(Data entries)
■ ■ ■ ■ ■

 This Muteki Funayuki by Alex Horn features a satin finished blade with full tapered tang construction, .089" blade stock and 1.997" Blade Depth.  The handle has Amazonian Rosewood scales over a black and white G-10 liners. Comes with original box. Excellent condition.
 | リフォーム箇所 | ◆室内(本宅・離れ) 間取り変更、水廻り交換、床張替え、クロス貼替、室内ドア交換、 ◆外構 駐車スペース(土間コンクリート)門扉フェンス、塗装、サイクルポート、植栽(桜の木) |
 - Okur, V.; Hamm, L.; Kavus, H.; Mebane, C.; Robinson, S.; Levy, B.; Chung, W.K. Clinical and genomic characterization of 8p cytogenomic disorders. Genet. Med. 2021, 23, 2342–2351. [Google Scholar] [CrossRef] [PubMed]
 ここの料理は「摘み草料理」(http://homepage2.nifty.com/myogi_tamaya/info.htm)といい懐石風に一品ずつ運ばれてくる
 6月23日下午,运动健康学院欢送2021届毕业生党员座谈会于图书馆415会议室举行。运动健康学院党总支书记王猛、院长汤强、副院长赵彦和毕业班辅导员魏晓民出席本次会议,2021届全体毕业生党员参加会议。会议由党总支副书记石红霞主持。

■ ■ ■ ■ ■

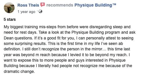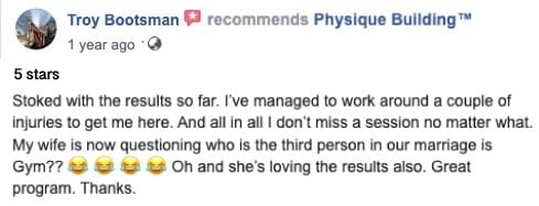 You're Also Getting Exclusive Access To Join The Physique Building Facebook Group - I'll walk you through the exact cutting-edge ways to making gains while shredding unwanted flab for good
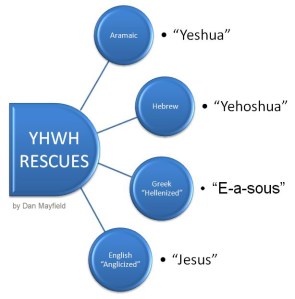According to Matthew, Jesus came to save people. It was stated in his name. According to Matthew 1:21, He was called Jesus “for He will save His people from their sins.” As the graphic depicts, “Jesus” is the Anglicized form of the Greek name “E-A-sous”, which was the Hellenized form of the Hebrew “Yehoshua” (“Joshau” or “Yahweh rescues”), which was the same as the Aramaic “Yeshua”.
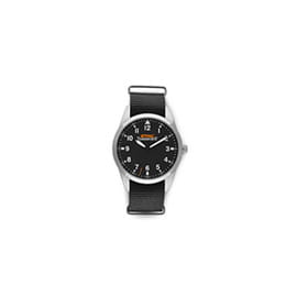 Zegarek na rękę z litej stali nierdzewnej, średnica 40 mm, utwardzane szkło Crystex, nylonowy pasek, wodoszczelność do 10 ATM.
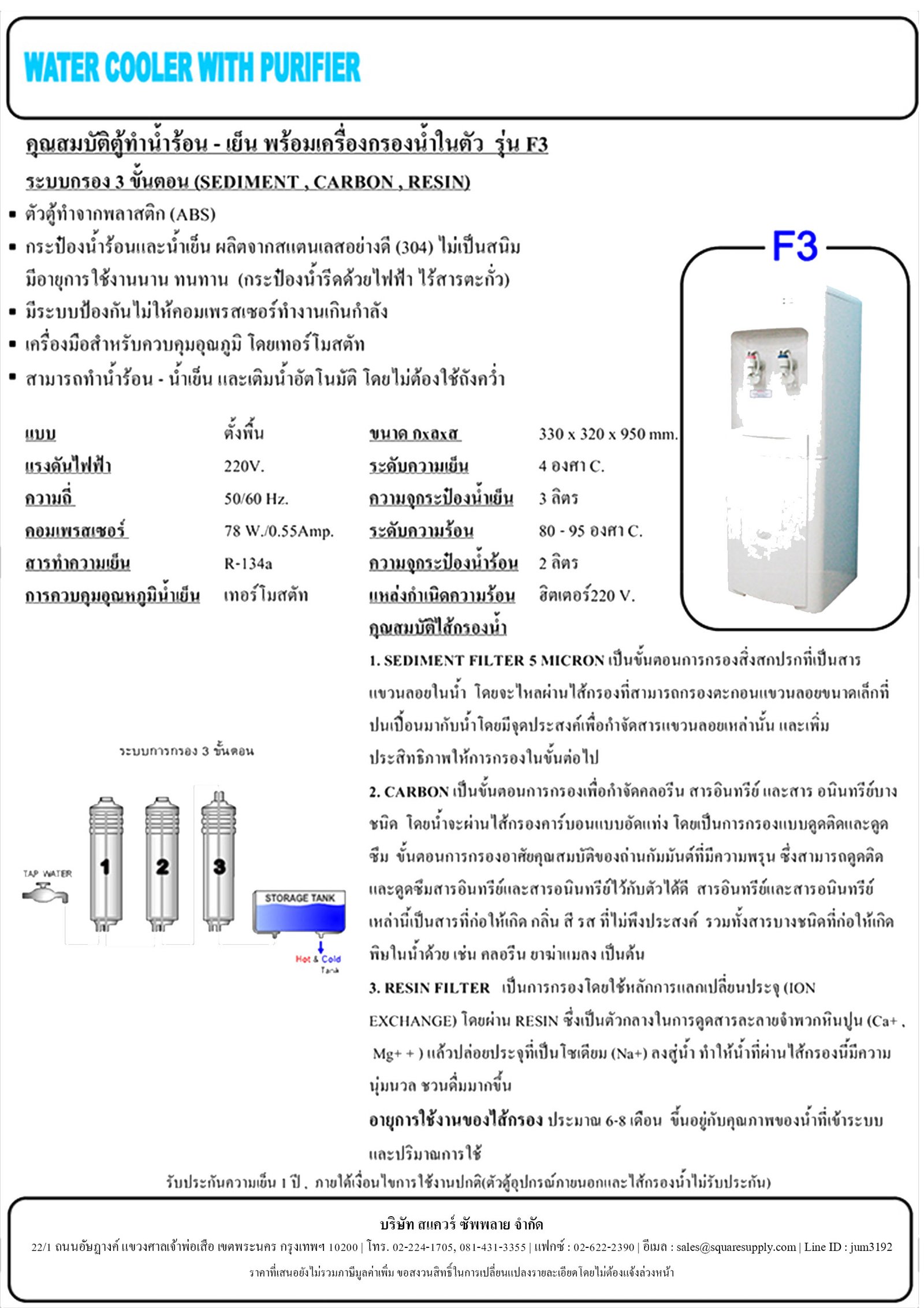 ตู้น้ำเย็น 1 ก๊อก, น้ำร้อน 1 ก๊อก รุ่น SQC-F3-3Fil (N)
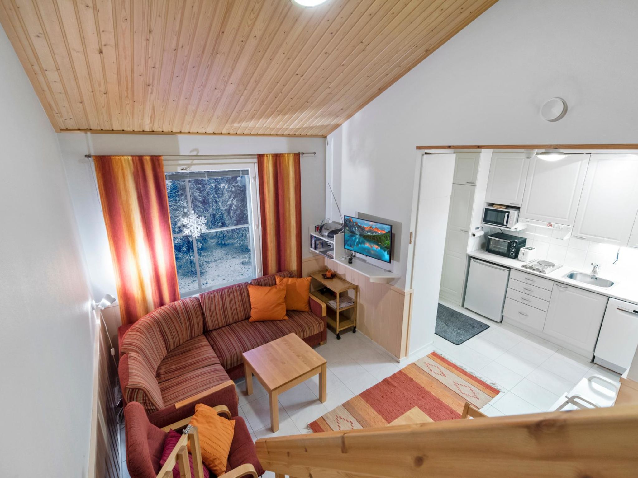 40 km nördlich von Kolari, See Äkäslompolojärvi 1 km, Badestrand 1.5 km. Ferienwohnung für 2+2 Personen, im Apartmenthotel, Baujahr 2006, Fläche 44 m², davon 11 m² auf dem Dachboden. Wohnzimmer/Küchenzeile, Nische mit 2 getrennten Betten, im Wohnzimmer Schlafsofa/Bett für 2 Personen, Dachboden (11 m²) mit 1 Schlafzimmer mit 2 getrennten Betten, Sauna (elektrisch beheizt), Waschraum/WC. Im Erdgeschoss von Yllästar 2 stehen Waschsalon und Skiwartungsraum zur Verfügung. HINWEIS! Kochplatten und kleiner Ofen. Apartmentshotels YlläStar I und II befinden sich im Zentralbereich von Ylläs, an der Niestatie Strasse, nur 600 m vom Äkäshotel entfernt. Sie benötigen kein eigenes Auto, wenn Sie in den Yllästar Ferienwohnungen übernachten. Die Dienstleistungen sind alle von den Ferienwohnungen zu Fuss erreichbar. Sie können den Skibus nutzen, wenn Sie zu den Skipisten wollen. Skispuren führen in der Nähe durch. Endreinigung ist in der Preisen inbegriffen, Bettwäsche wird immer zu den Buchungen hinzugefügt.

■ ■ ■ ■ ■

What the task asks.
Although pictures appear among the records above, write out exactly only the lines from the one that has "Zegarek na rękę" through the one that has "ตู้น้ำเย็น 1 ก๊อก, น้ำร้อน", and leave the pictures out.

Exercise output.
 Zegarek na rękę z litej stali nierdzewnej, średnica 40 mm, utwardzane szkło Crystex, nylonowy pasek, wodoszczelność do 10 ATM.
 ตู้น้ำเย็น 1 ก๊อก, น้ำร้อน 1 ก๊อก รุ่น SQC-F3-3Fil (N)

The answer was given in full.